The last 8 sheets (pages 219-233) are perforated so that you can remove them. The perforations are very fine and there would be no chance of the paper becoming loose if you didn't want to remove them.

The ribbon marker is okay, but is thin and light and gets a bit drowned by the size of the book. I'm tempted to thread a charm or bead on to it so that it doesn't wriggle back into the book so easily. The elastic closure is fine - firm enough to keep the book closed but no use for trying to trap a pen with. This is a book that stays on my desk though, where there is a glut of pens!

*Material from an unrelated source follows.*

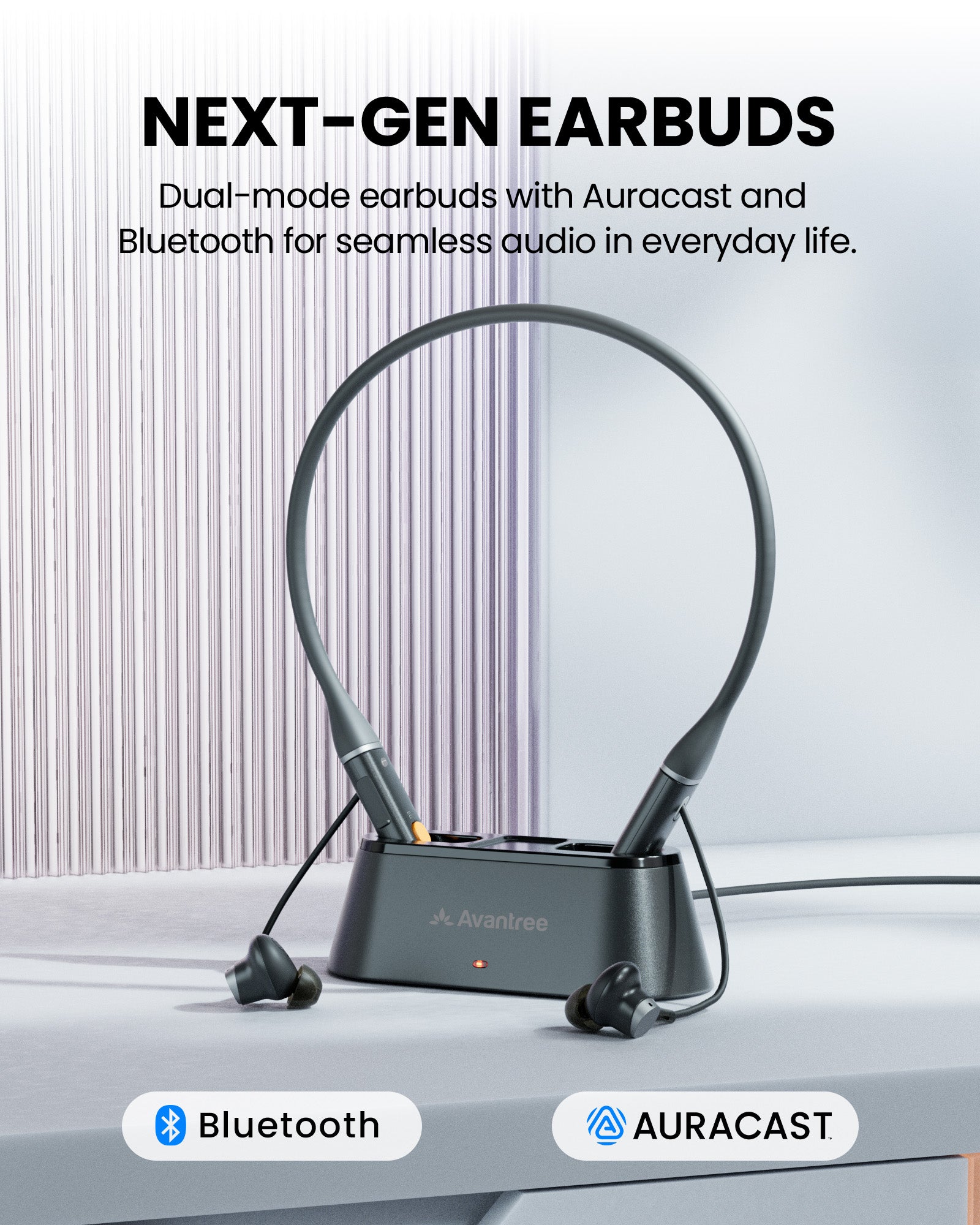 Auracast TV Earbuds with Clear Dialogue & Easy Charging Dock

As described on the label, the book lies pretty flat. The pages tend to spring up a bit, but the spine does open to a full 180 degrees.

At the back is a pocket which will take A4 paper, though the gusseting does get in the way a bit. There is a sheet of labels - two lined (92mm x 72mm), two plain (92mm x 72mm) and three for the spine (187mm x 17mm). The sheet says "Please use these stickers for labelling the spine of your Leuchtturm 1917 book when you want to archive it" which feels a bit bossy to me! But that's just me! I tend to write on the spines with a silver pen because I think the stickers look tacky and might peel off.

Other than the usual embossed Leuchtturm1917 on the back, there is no other branding on the outside.

I really like this book. The paper is fantastic and the acreage feels wonderful! It also makes me keep my desk a bit tidier, otherwise I can't open the book out! The line-spacing is a little wide for me but I do like the prompt on each page to date the notes. I'll reserve judgement on the index but I sense I will run out of lines in it before I've filled the book.